◆ **INFORMATION SUPPLIED**:
====

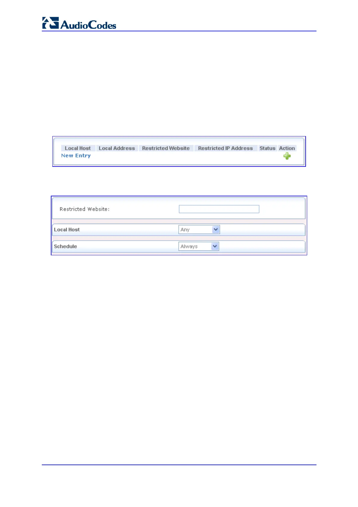 3. In the 'Restricted Website' field, enter the URL (or part of the URL) that you want to
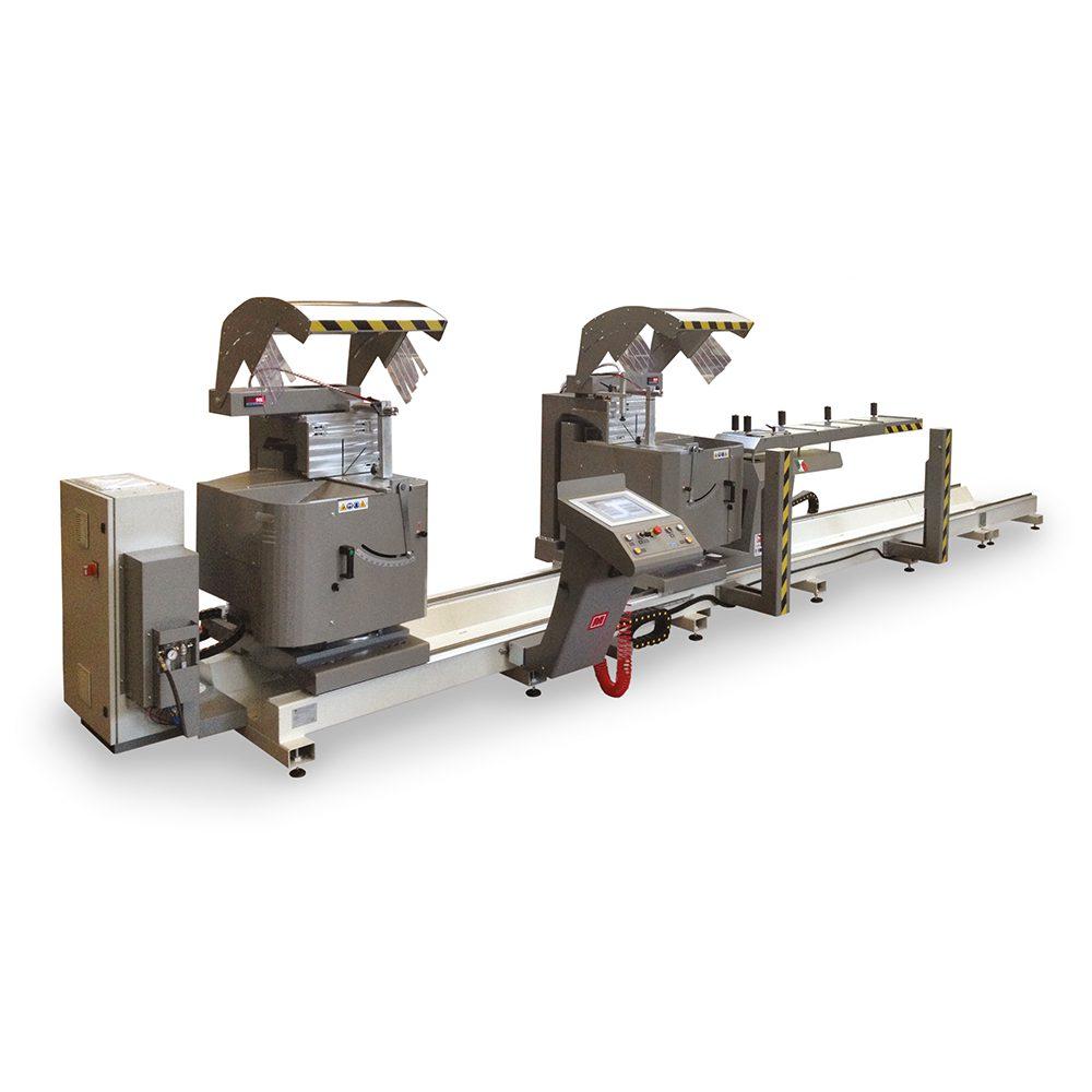 térbeli vágás lehetőségével, a bal oldali fix fűrészegységgel, és a jobb oldalon a szervomotorosan mozgó egységgel.
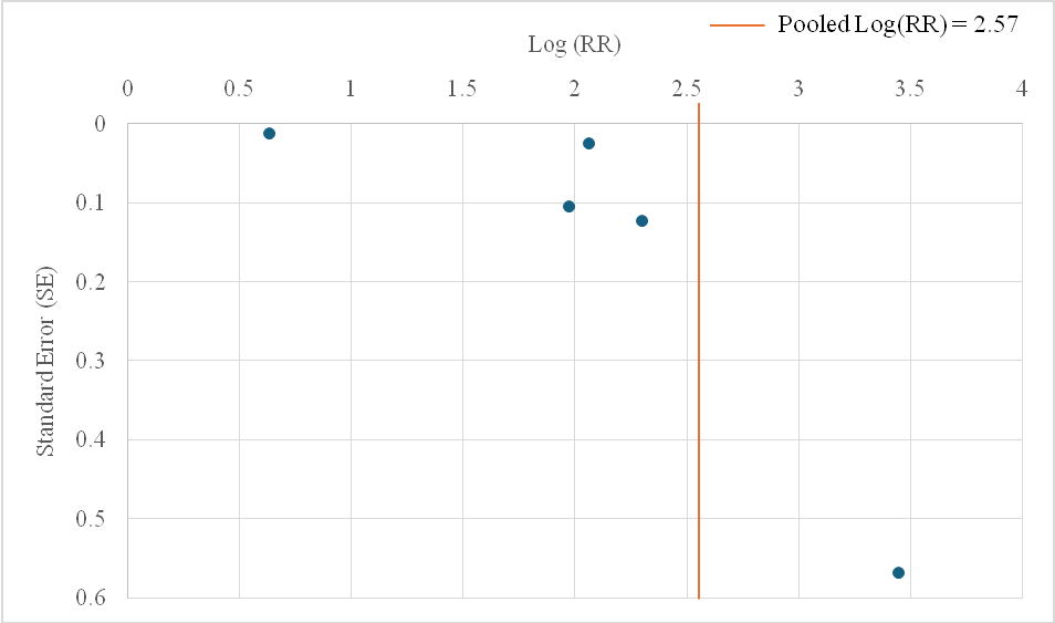 | Study ID | Log(RR) | SE | Inverse SE (Precision) | Standardized Effect Size | β₁ (Slope) | β₀ (Intercept) | SE of β₀ (Intercept) | t-value | df | p-value |
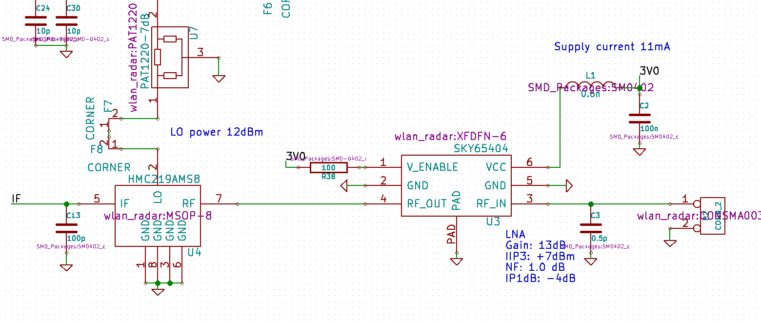 Radiated power is reflected from the target, captured by the receiving antenna, amplified by the low noise amplifier and then mixed with the PA output signal. LNA is also meant for the 5 GHz WLAN. It has a very low noise figure while also being incredibly cheap costing only 1.1€ at small quantities.
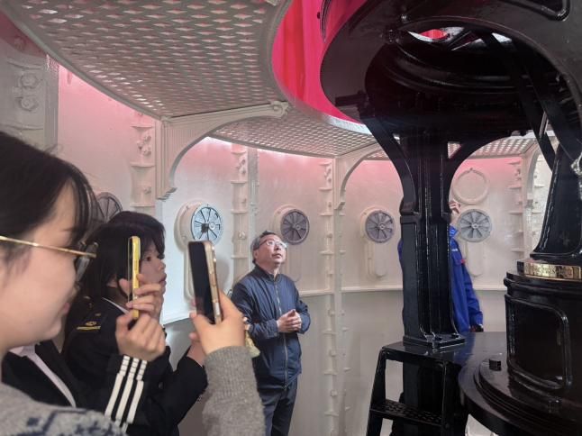 从百年前的煤油灯到如今的现代化照明,从人工值守到规范运维,老铁山灯塔始终坚守航道、守护平安。师生们沿着历史足迹深入参观,全面了解灯塔的建造历程、技术沿革与文化价值,在实地感悟中读懂坚守的意义,厚植家国情怀与人文精神。
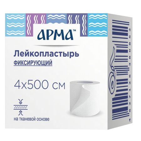 Лейкопластырь фиксирующий тканевый белый Арма 4х500см
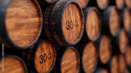 Futuristic Oil Barrels Market Prediction Data Visualization in with Copy Space, Selective Focus Foreground
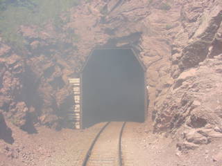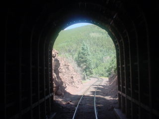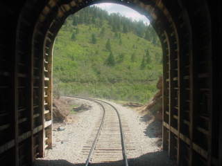 Passing through the 655 foot long Lower Tunnel at Milepost 198.6.

====

◆ **PROBLEM**: Please retype exactly the lines from the line containing "从百年前的煤油灯到如今的现代" through the final line of the records above, inclusive, leaving out any pictures.

◆ **RESULT OF THIS TASK**:
 从百年前的煤油灯到如今的现代化照明,从人工值守到规范运维,老铁山灯塔始终坚守航道、守护平安。师生们沿着历史足迹深入参观,全面了解灯塔的建造历程、技术沿革与文化价值,在实地感悟中读懂坚守的意义,厚植家国情怀与人文精神。
 Лейкопластырь фиксирующий тканевый белый Арма 4х500см
 Futuristic Oil Barrels Market Prediction Data Visualization in with Copy Space, Selective Focus Foreground
 Passing through the 655 foot long Lower Tunnel at Milepost 198.6.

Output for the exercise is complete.